AS we observe the 16th National Electrification Service Month this month of August, we are looking forward that our industry leaders, especially from the side of the government, will consider quality service and reliable service as the main driving force in the electricity rate war, especially in the countryside.
The struggle for a reliable electricity of most energy consumers in towns and cities under the service area of electric cooperatives are not solely anchored on the electricity price war. While it is true that numbers do matter, the solution to the problem is not always reflected on which electricity distribution utility (DU) offers the cheaper electricity based on the face value of their respective electric bills. But, it is the service reliability or the quality of the service itself that matters most.
For a highly-industrialized and thickly populated province like Batangas, the quality of electricity servicing is always trampled at the mercy of both the residents and industries beholden by a legislative franchise or electric coops which are unable to supply what the consumers needed most.
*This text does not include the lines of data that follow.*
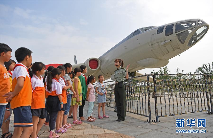 5月28日,南昌军事装备展示中心的讲解员(右一)向孩子们介绍展示的军事装备。新华社记者 万象 摄
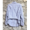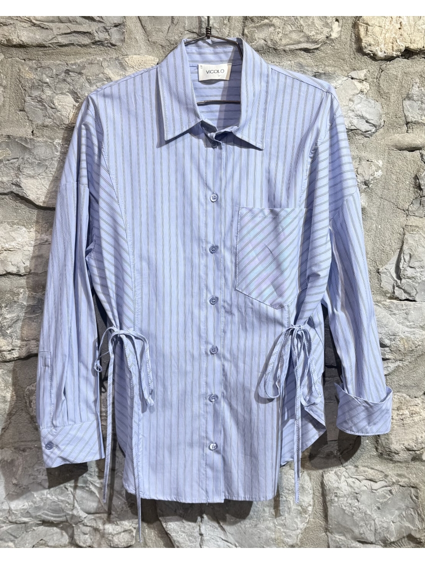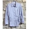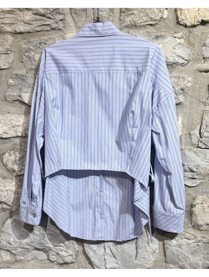 Camicia a righe bianca e azzurra, più lunga davanti e più corta dietro con laccini sul punto vita.
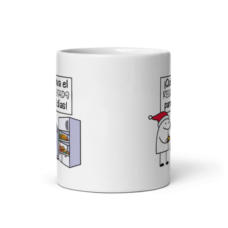 Taza navideña "Que Viva el Recalentado" de cerámica premium con ilustración cartoon plana y divertida.
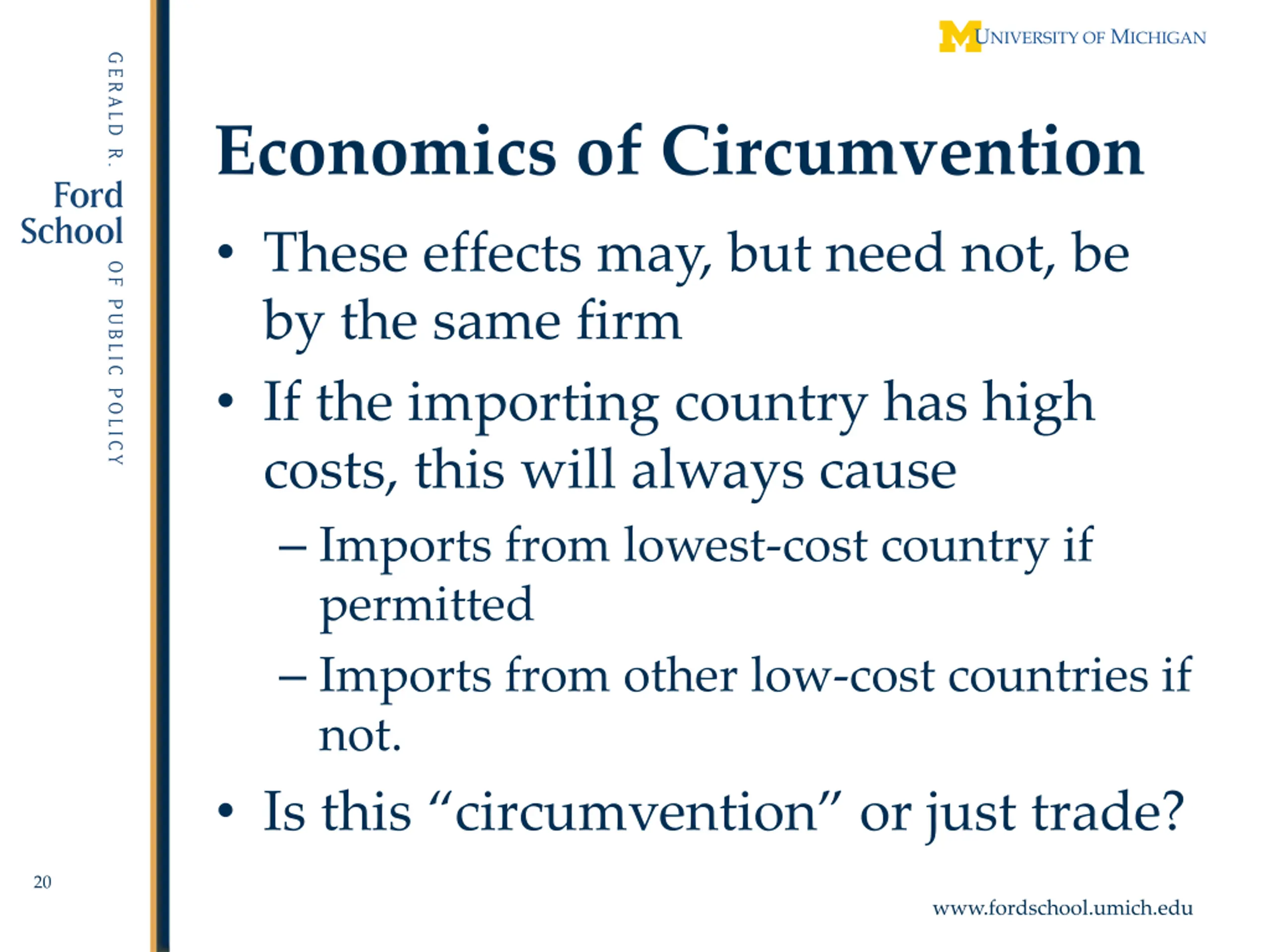 Economics of Circumvention These effects may, but need not, be by the same firm If the importing country has high costs, this will always cause Imports from lowest-cost country if permitted Imports from other low-cost countries if not. Is this circumvention or just trade? 20 www.fordschool.umich.edu
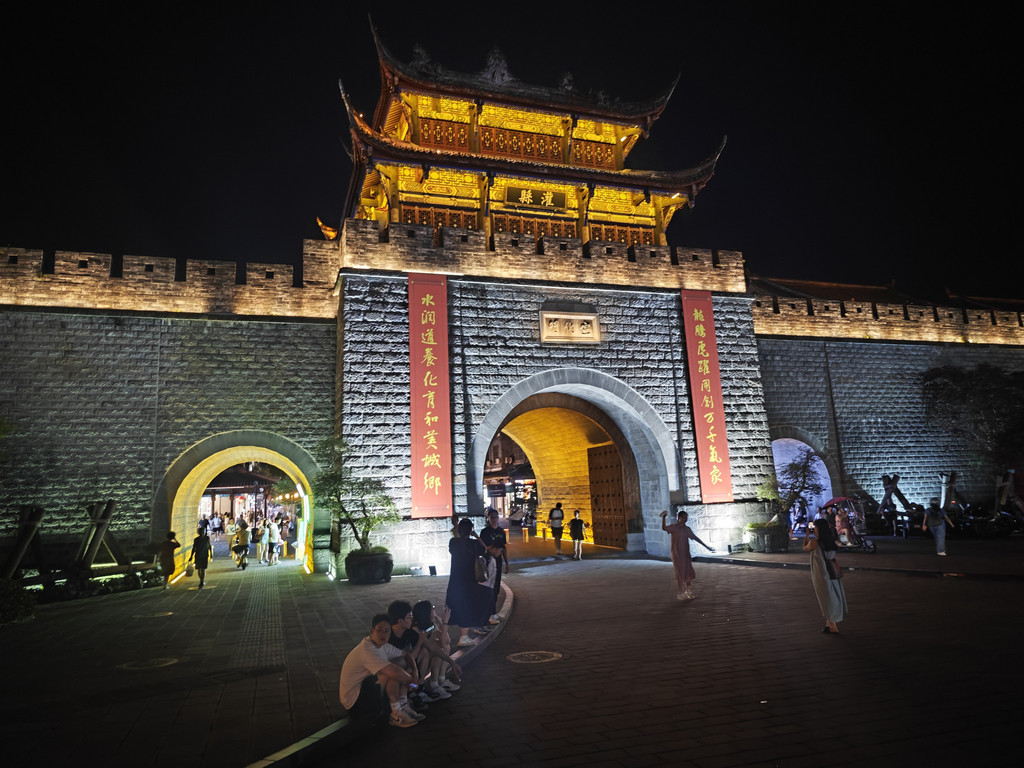 吃完晚饭,我们一起步行到松潘古城逛逛,沿着岷江有步道,最近暴雨岷江水流很湍急。

Batangas, however, is being serviced by a mix of electric coops and private distribution utilities. The whole of first district (City of Calaca and the towns of Balayan, Calatagan, Lemery, Lian, Nasugbu, Taal and Tuy) parts of third district (Agoncillo, San Nicolas, and Sta. Teresita) are under the legislative franchise of Batangas I Electric Cooperative (Batelec I). Batelec II on the other hand covers Lobo, Mabini, San Luis and Tingloy in the second district; Tanauan City and the towns of Alitagtag, Balete, Cuenca, Malvar, Mataasnakahoy, Laurel and Talisay in the third district; the towns of Padre Garcia, Rosario, San Jose, San Juan, and Taysan in the fourth district and the lone district of Lipa City.
On the other hand, Batangas City, the City of Sto. Tomas, San Pascual are being serviced by Meralco; Bauan is under First Bay Power Corp.; and Ibaan has Ibaan Electric Corp.
While it is true that in some areas being serviced by electric coops, the electricity rate is lower than in those areas being serviced by Meralco and other private DUs, one can easily compare the quality of service that each DU can offer to its consumers.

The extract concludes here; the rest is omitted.